Ésa es, entonces, compañero, en suma, mi manera de cagarme en Perón". Y cuando Cooke hubo dicho esto, cuando Cooke hubo terminado de largarse esa parrafada, el silencio, allí, en la casa de los mecánicos, en la calle 27 de Abril, era otra vez como ya he dicho que era, es decir, el silencio, ahora, otra vez, podía cortarse con un tajo. Cooke respiró hondo, buscando un aire que necesitaba luego de todas esas palabras que le había arrojado a Salamanca, se recostó pesadamente sobre su silla, cruzó sus brazos sobre su abdomen y se quedó así, tranquilo, como en reposo, mirando fijo a Salamanca, a la espera.

El flaco Marimón se había apartado levemente de Salamanca, es decir, ya no se lo veía inclinado sobre el líder de los mecánicos, sobre el hombre que poseía el don de atraer las vibraciones y convertirlas en acontecimientos, en René Rufino Salamanca, sino que, tal como lo he dicho, ahora se lo veía apartado, o, quizá, más precisamente, se lo veía más inclinado sobre Cooke que sobre Salamanca, pues lo miraba con una fascinación que se le adivinaba pese a sus anteojos densos y con una sonrisa que era casi de gratitud, un reconocimiento hondo, verdadero, y que se abría espacio entre su barba bien recortada pero espesa de ideólogo cordobés y revolucionario.

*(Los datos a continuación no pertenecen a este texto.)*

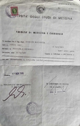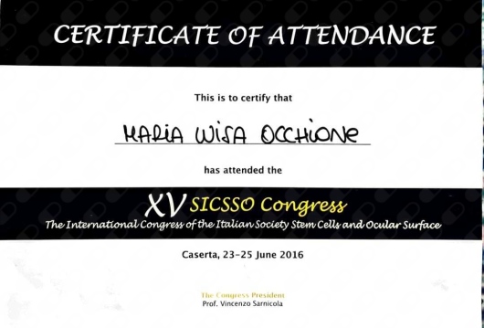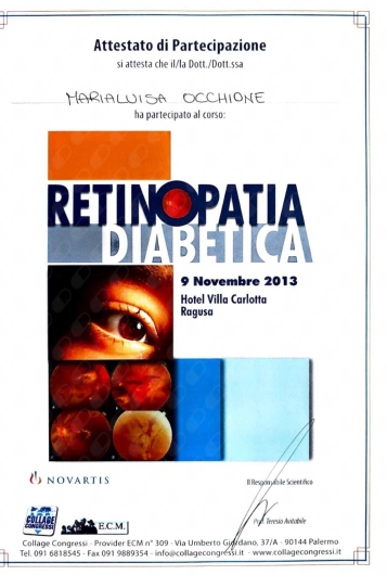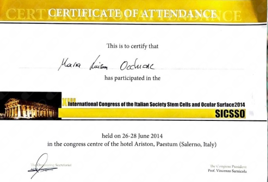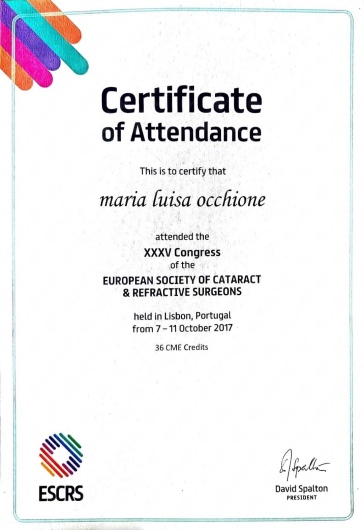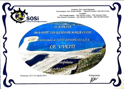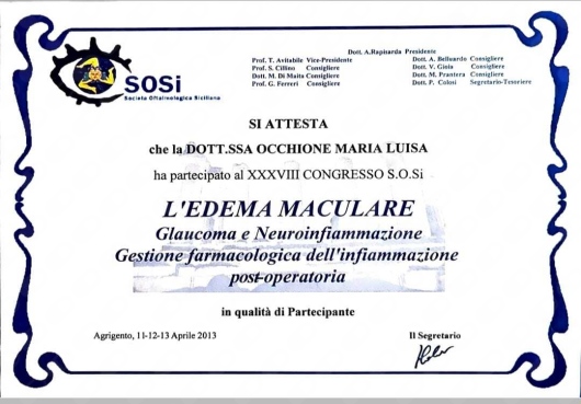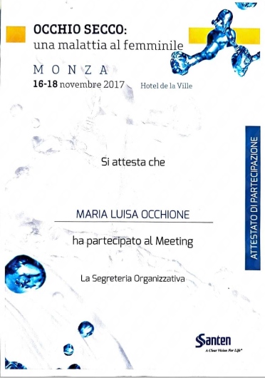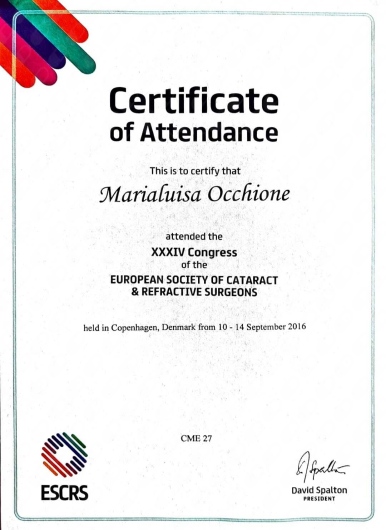 La Dottoressa Marialuisa Occhione è scritta ad associazioni scientifiche nazionali di Oftalmologia SISO E AIMO. Ha da sempre curato l'aggiornamento professionale partecipando a numerosi congressi di oculistica sia in Italia che all'estero. E' principalmente specializzata in patologie del segmento anteriore dell'occhio, diagnosi precoce di glaucoma e retina medica.

Y entonces Salamanca tajeó el silencio porque dijo: "Mirá Gordo, aunque vos te cagues en Perón de una manera y nosotros de otra, ya sé que estamos en la misma trinchera". Hizo una breve pausa y añadió: "En el mismo lado de la lucha, compañero"Entonces alguien tajeó definitivamente el silencio y gritó: "¡Viva el compañero Cooke!". Y otro gritó: "¡Viva el peronismo revolucionario!". Y un gordo enorme, mucho más alto y más gordo que Cooke, un mecánico, un hombre de la calle 27 de Abril, un morocho a quien todos, coherentemente, le decían negro, un morocho que se llamaba como Salamanca, pero no René, sino Rufino, es decir, que tenía el más sonoro y el más viril de los dos nombres de Salamanca, el negro Rufino, entonces se trepó a una silla con una agilidad que en él era un desatino, elevó su brazo, cerró su puño, lo hizo girar vertiginosamente y con toda su alma gritó: "¡Viva Perón, carajo!".